Watching our children grow up can be challenging. It's scary to see them make mistakes but a good parent knows mistakes are part of growing up. Being the parent of a child with a congenital heart defect means watching our children make mistakes is even more challenging since some mistakes could be so costly. Not wanting to be a "helicopter parent" means letting go and transferring responsibility of care -- even if that means mistakes might be made.
I believed in letting natural consequences serve as "punishment" when my children made mistakes growing up as often as I could, but most of the mistakes my children made were minor. They weren't life-threatening. What would happen if I totally gave responsibility to Alex for his medical care? Would he be as vigilant as I was? Would all of the years of learning about his heart defect, his medications, possible side-effects . . . would it all be for nothing?
Training our heart children early is essential. Alex knew the name of his heart defect and the name of his surgery before he even really knew what they meant. He knew his medications. From an early age, I had him help me with his medicines. It was never up for discussion. He needed his medicines and I was lucky that he was very compliant in taking them, even when he didn't like them. I just acted quite matter-of-fact about them. Since both his father and I took different medications as well, I don't think Alex really gave them much thought. Plus, since Alex was 2 months old with his first surgery and 9 months old when he had his second surgery, he's taken medications every day of his life (that he remembers). Since I've written books for the heart world and given many speeches at a variety of heart events, Alex knew his story. But would Alex carry that with him and be the responsible adult I needed him to be?
When Alex came home from his first year of college I noticed that he had more medication left than he should have. He informed me that he hadn't remembered to take his medicine everyday but that he was good "about 80% of the time." Eighty percent of the time! I told him that he would have to tell his cardiologist that when he had his visit.
Since Alex is now 18, he could go to his cardiology appointments alone. It didn't surprise me when he decided he would do his appointments without me. He went to his first appointment -- a stress test -- and did very well. This was the first time for him to take a stress test and I was a little concerned about how he would do but, according to Alex, his cardiologist was pleased with how well he did.
Next came his echocardiogram. Alex has had so many "echoes" that I didn't worry about him going for this test. It's not uncommon for him to be so relaxed during this test that he dozes off. I had hoped he would have our favorite echo tech for the test, but he had someone new. He said it was uneventful.
Finally Alex went for his meeting with his cardiologist. Again, he wanted to go alone. Transferring responsibility is tough. I wanted to be at that meeting! I wanted to hear the doctor tell Alex he'd done a good job. I wanted to see the test results myself. I was used to recording and keeping track of everything but I let him go alone and I even left town! I spent the day with my sister out of town celebrating my birthday.
While I was out with my sister I received a call from the hospital. My heart raced when I recognized the number. Was Alex okay?

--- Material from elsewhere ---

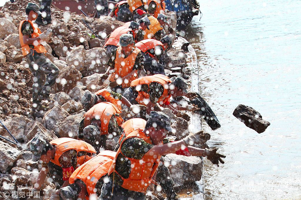 2010年7月19日,受长江水位影响,彭泽县棉船镇金星村9组大堤出现崩岸险情,政府紧急调用数艘民船,拖运410立方米石块,驻扎当地400余名解放军官兵上船抛石,护堤固坝.抛石护堤水花四溅。

The person calling said she was scheduling Alex for his follow-up appointment in six months. She then went on to tell me that her son requested she call me because he didn't have his calendar with him. She immediately started praising Alex. She told me how Alex's doctor had raved about what a great patient he was and how he wished more of his patients were like Alex. I felt so proud of my son. According to this nurse, Alex had had a stellar appointment and Alex's doctor was very pleased with his progress.
Phew!
When I got home I asked Alex how his appointment went. He gave me the same details the nurse had given me and then he gave me the print outs his doctor had shared with him to put in his files. I told him what the nurse had said and he smiled. Then I asked him if he had told his doctor that he hadn't remembered his medications everyday. He said, "yes" and then told me that his doctor told him that if he forgot his medications in the evening, he should take them first thing in the morning.
Transferring responsibility can be difficult but it is so gratifying when it all works out well. I won't always be around Alex to make sure he does what he's supposed to do. I need to know that he can take care of himself. He showed me this summer that he could. I'm just thankful for the fact that Alex has so many people watching over him and for the fact that he wants to be healthy. The best thing that came out of this was seeing that all of the years of training had paid off. Alex could handle his exams and his appointment because he'd already done it over a hundred times before. He is growing in confidence and capability and I'm learning to let go and even to relax a little bit.
2 comments:
letting go is really hard. The first time my heart healthy daughter Allison was allowed to exclude me from her check up it was hard. But then you have to think to yourself about how much energy you have put into raising them and you have to let your efforts speak for themselves. I'm keeping my fingers crossed anyway. Great article Anna!
Thank you for your comment, Sheri. I can't believe Allison is old enough to go to a check up without you! Thank you for your comment!